Wednesday, January 28, 2009

Lost explicatum

Lost explained.

Chris Jones notes a Latin exchange between two characters on tonight's episode:

Just when I least expect it, this evening’s episode of the ABC Series Lost features characters speaking Latin to each other; and for the most part the actors try and duplicate a classical pronunciation.

The series is far too complicated to explain, but if you’re interested in seeing a little spoken Latin from primetime US television, you can view this evening’s episode here. The first Latin exchange is at the 14 minute mark:

Other 1: Quare non sunt vestitus eis?

Other 2: Tace!

Juliet: Cognoscitis qui sumus?

I am not a viewer, but I can offer this explanation (via Paul Kedrofsky):

PILOT: So, we have a little time and the auto-pilot’s on. How ‘bout you tell me about the island?

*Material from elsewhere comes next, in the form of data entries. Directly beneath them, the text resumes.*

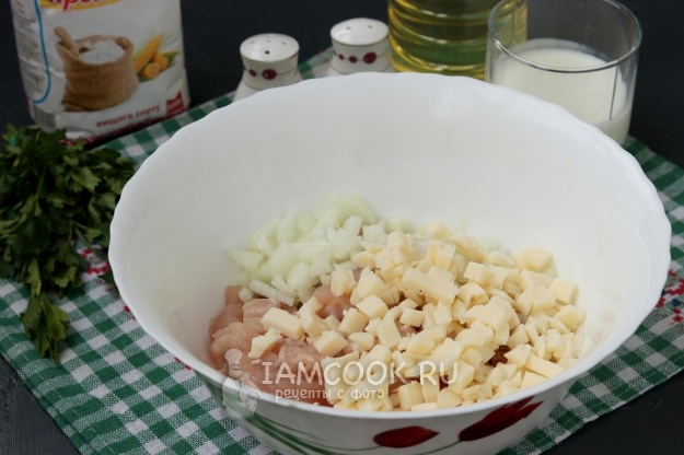 Нарезать мелким кубиком лук. Сложить мясо, сыр и лук в глубокую миску.
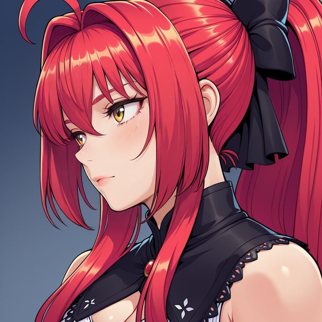 Digital illustration of an anime-style girl with very long red hair tied in a ponytail with a black bow. She has golden-yellow eyes, a small ahoge strand of hair, and is wearing a sleeveless black top with intricate lace detailing. The artwork highlights soft facial features and a contemplative expression.
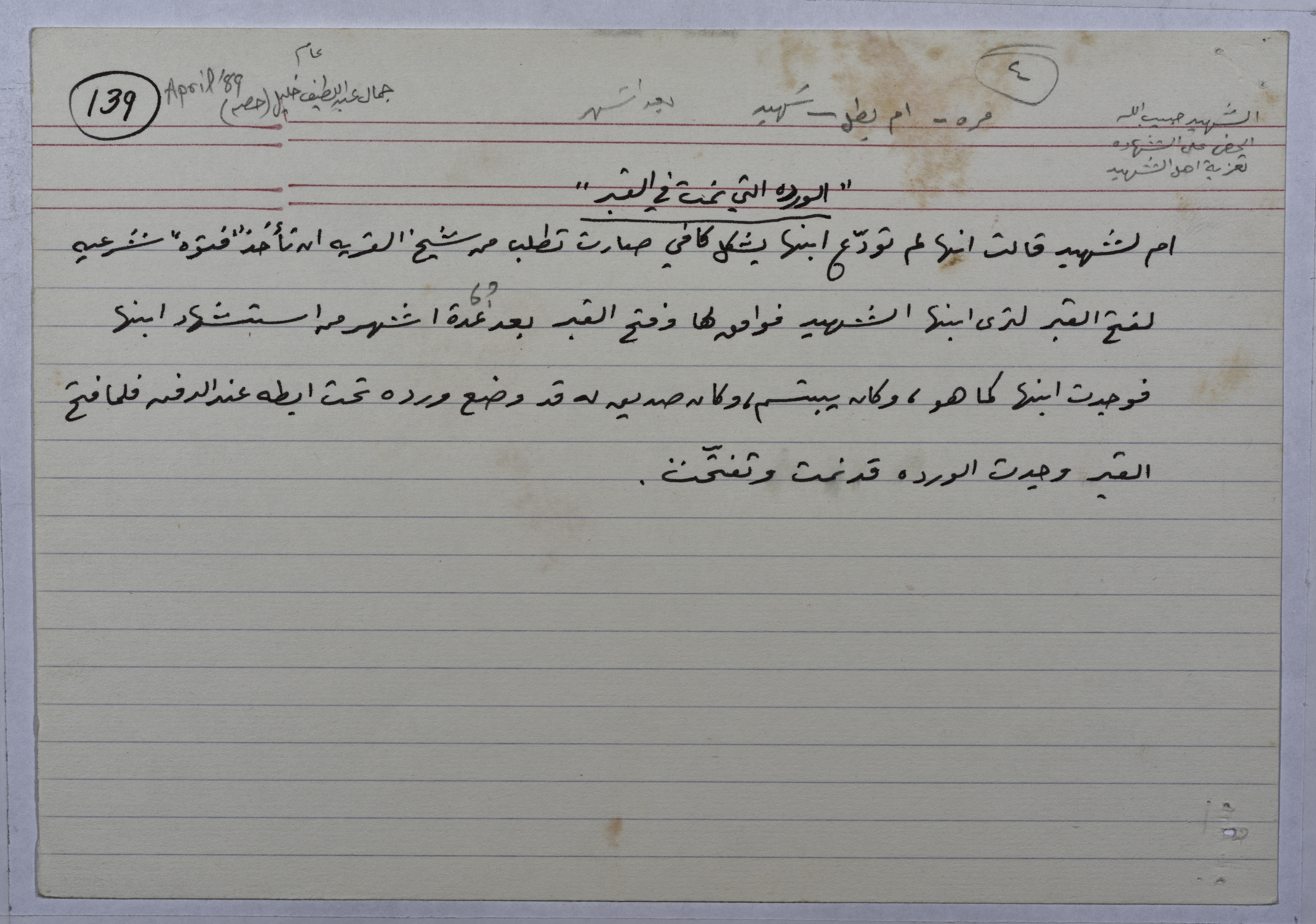 بطاقة وُثِّق عليها نكتة بعنوان "الوردة التي نمت في القبر"
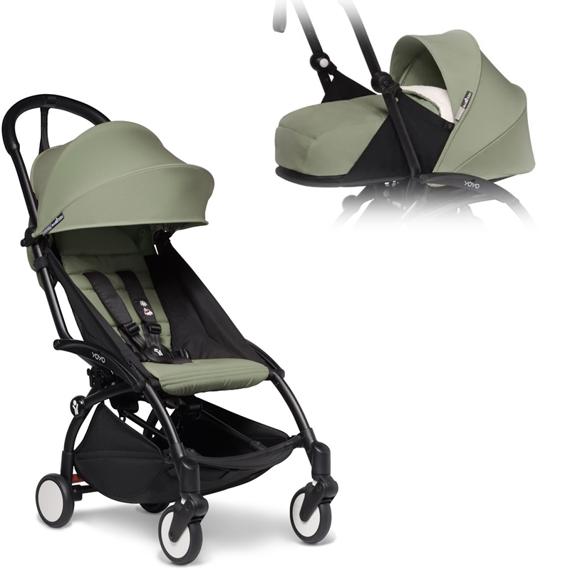 Комплект коляски 2 в 1 складається з чорного шасі YOYO², люльки Yoyo 0+ Olive та текстилю для прогулянкового блоку Yoyo Plus 6+ Olive.

JACK: Well, we lived on the beach, mostly, except for the time we lived in the cave with the skeletons and the time we lived in the secret underground bunker with the lending library and the time we lived in the village built by the scientists that the people who don’t age gassed to death with the help of their leader, my third nemesis, the nebbishy con man with spine cancer, which we took over when the freighter people came to kill everybody. We ate wild boar and fish, and then the supplies stashed in the storeroom of the bunker, and then the scientists who the people who don’t age gassed to death were nice enough to replenish our food by airdrop, but only once, but that was okay, because the people who don’t age had some agriculture that we completely ignored while we stood in front of their refrigerators with the doors open. And I saw my dead dad just hanging around on the island, which I didn’t think too much about because I was preoccupied with the smoke monster and the baby stealing and the mind games with the nebbishy guy and my TOTALLY AWESOME tattoo which got my ass kicked in Thailand and the power struggle with my second nemesis, the formerly paralyzed bald survivalist mystic, who was, frankly, nuts.

PILOT: Nuts, you say?

JACK: Yeah, man of faith, thought the bunker wanted you to punch Hurley’s lotto numbers into the computer every few hours, and I was like, it’s a GAME, you lose, sucker.


JACK: So he finally came around after the shipwrecked sailor who lived in the bunker for two years told him that you had to punch the numbers, which obviously meant you didn’t have to punch the numbers. Which, come to think of it, I guess he was right in the first place. Missed the numbers, cratered the whole freaking bunker, knocked the guy who used to live there right into last Tuesday. Literally.

Oh, I forgot to mention that my dead father came back and kidnapped my secret sister.

PILOT: Um, okay. So … happy to be getting back?

JACK: Yeah, you know, I’m looking forward to having the time to grow a beard.